第3話 自宅と隣人


 一日目の夕刻。病院の外は一風変わっていた。

 砂混じりの風が止んだと思えば吹き、不規則に繰り返していた。道路や信号待ちしている自動車の上には砂が積もり、運転手はワイパーを掛けながら視界を確保し、車外に出てはワイパーを切り、フロントガラス全体をタオルで拭き取っていた。車内に戻ってはまた一度ワイパーを付けていた。

 大型トラックはなす術もなく、ワイパーを付けるのを止めていた。

 至近距離は見えたが、そこから先は視界が全く効かなかった。

 大型の黄砂がやってきたのだろうかと推察してみたが、分からなかった。

 歩道を歩けば砂の足跡がつく程、砂が積もっていた。病院での肉体改造は全く通用しない世界だった。まるで雪を踏み締める様に、ゆっくりと足を運んで行った。

 途中、病院に向かっていたのだろうか。救急車が滑って横転していた。人もまた横転し男女のカップルは倒れて気を失っていた。

 また別のカップルは見えない中、互いに「今日はありがとう!大好き!」と呼び合っていた。そして咳き込む声。

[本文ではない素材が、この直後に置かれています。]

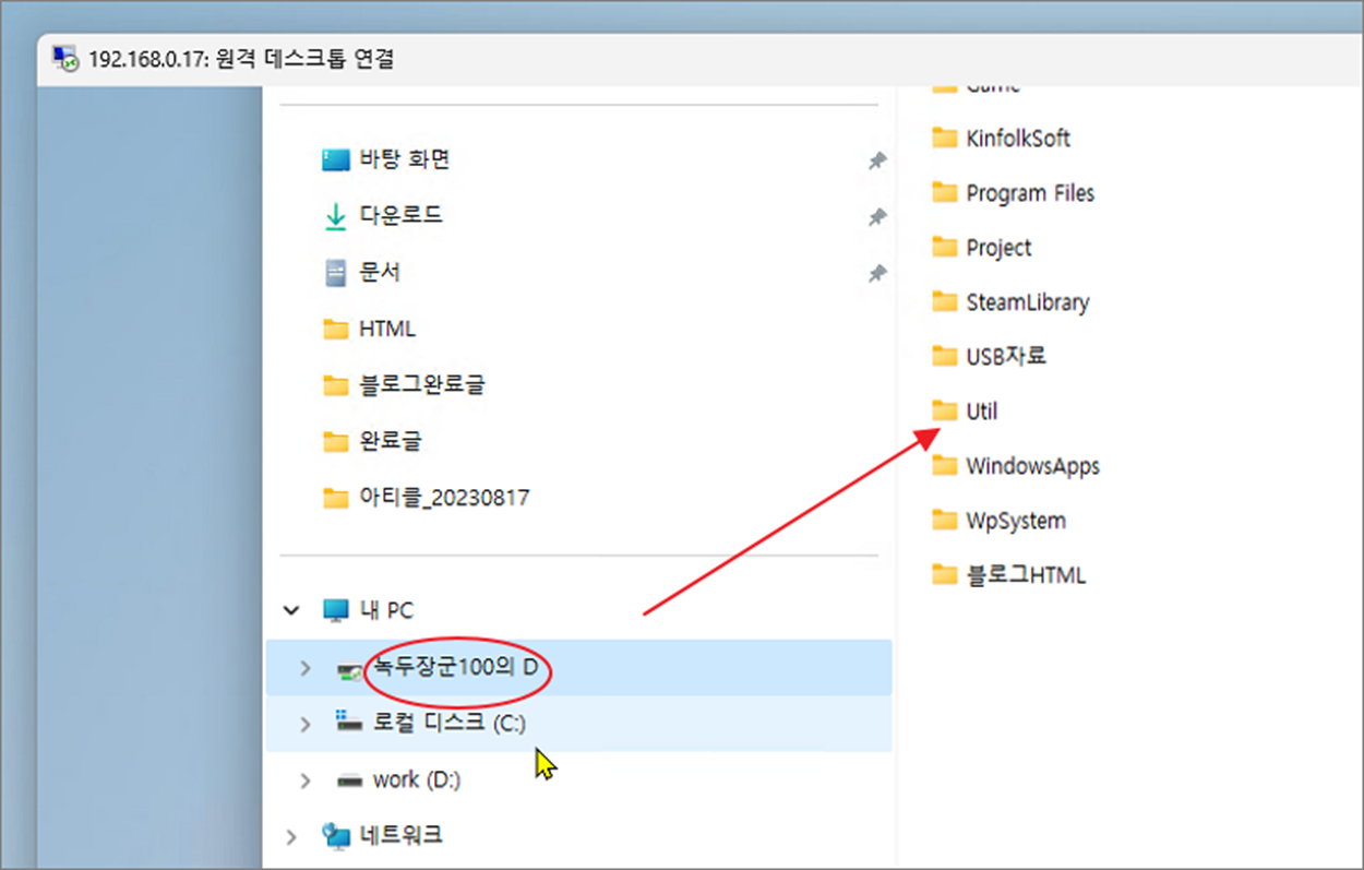 ▼ 해당 드라이브는 원격지 PC 의 드라이브가 아닌 내가 접속을 시도한 PC 의 드라이브입니다. 그래서 내 PC 와 같은 동일한 파일 목록이 보일 겁니다. 옮기고 싶은 파일이 있다면 복사해서 원격지 드라이브로 옮겨줍니다. 이런식으로 복사할 파일이 많은 경우 드라이브를 링크 옵션을 활용해 보시기 바랍니다.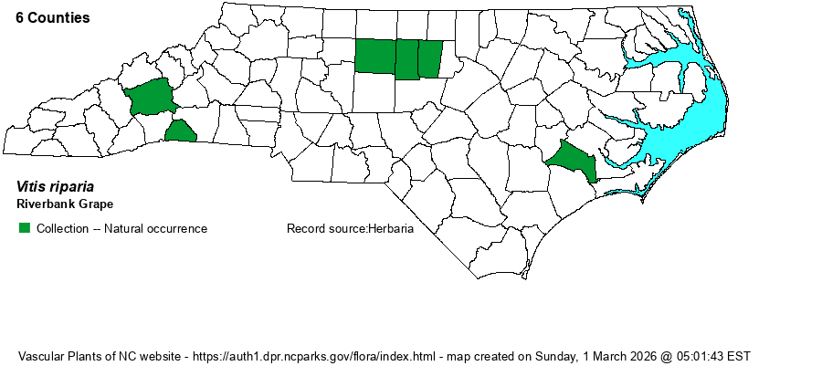 | Distribution | The most poorly known grape in the state, with records only for a few counties in the northeastern Piedmont, the southern Mountains, and one in the eastern Coastal Plain (Jones). As it occurs over much of VA and has been found in many border counties with NC, even in their Coastal Plain, perhaps the species is being overlooked, at least in the Coastal Plain.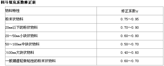特性查表2求得ψ修正值予以修正則為能力輸送量。物料容重按r=1t/m3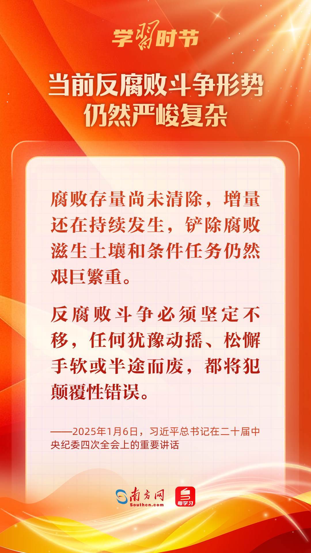 1月6日,中共中央總書記、國(guó)家主席、中央軍委主席習(xí)近平在中國(guó)共產(chǎn)黨第二十屆中央紀(jì)律檢查委員會(huì)第四次全體會(huì)議上發(fā)表重要講話,深刻把握反腐敗斗爭(zhēng)基本規(guī)律,深刻分析當(dāng)前反腐敗斗爭(zhēng)形勢(shì),對(duì)堅(jiān)決打好反腐敗斗爭(zhēng)攻堅(jiān)戰(zhàn)、持久戰(zhàn)、總體戰(zhàn)提出明確要求,對(duì)深入推進(jìn)全面從嚴(yán)治黨作出戰(zhàn)略部署。

 家の窓ガラスには砂が吹きつけられ、軒先には砂が積もっていた。空き家は窓や玄関の隙間から砂が吹き込み、中で積もっていた。

 徐々に不気味さと不安が増していく景色に恐れを抱きながら、家路に向かった。進む道路は片側二車線で綺麗に舗装されており、ほぼ直線だった。

 車列は積もった砂に不安になり、渋滞を作って上りも下りもほとんど動いていない。砂が目隠しになり、車の中の様子を伺う事が出来ない。

 私のサイボーグの足は滑りにくくなっており、歩道の積もった砂にものともせず、走る事はできないが普通に歩行する事が出来、先へと進んでいく事が出来たのであった。

 財布もなく途中でコンビニエンスストアに寄ってみた。表のガラス一面は砂で覆われて中の様子を伺う事が出来なかったので、無銭だが中に入ってみる事にした。

 自動ドアから中に入ってみると驚くべき光景で、来店客の密集具合が、朝の通勤電車かと思う程であった。皆不安なのである、商品をカゴに入れてレジに並んでいた。少ない商品を取り合っていた。驚きの光景に圧倒され、私は外に飛び出した。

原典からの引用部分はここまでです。